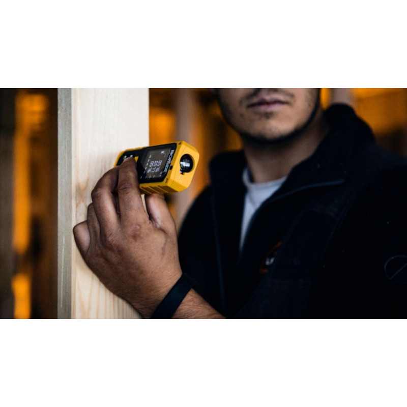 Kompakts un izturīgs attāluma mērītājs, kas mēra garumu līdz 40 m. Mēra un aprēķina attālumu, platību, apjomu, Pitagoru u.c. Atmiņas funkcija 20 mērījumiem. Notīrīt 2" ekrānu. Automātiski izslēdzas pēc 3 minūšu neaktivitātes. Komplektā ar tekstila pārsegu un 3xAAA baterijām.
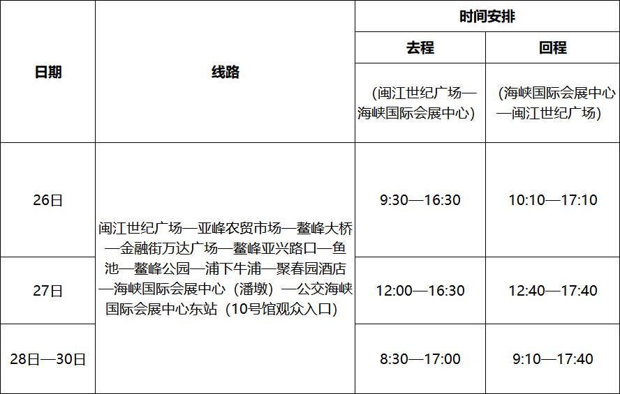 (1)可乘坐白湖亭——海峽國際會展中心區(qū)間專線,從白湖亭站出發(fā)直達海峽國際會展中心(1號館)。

...

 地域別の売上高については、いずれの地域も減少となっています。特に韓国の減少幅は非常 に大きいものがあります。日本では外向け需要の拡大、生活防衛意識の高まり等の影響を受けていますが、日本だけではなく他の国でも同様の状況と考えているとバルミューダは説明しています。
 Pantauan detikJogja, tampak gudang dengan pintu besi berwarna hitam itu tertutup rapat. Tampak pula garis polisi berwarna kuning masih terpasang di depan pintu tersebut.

• What you need to do:
Find where the line with "地域別の売上高については、い" sits in the material above, then copy exactly from it through the line with "Pantauan detikJogja, tampak". Add no other line.

• Exercise solution:
 地域別の売上高については、いずれの地域も減少となっています。特に韓国の減少幅は非常 に大きいものがあります。日本では外向け需要の拡大、生活防衛意識の高まり等の影響を受けていますが、日本だけではなく他の国でも同様の状況と考えているとバルミューダは説明しています。
 Pantauan detikJogja, tampak gudang dengan pintu besi berwarna hitam itu tertutup rapat. Tampak pula garis polisi berwarna kuning masih terpasang di depan pintu tersebut.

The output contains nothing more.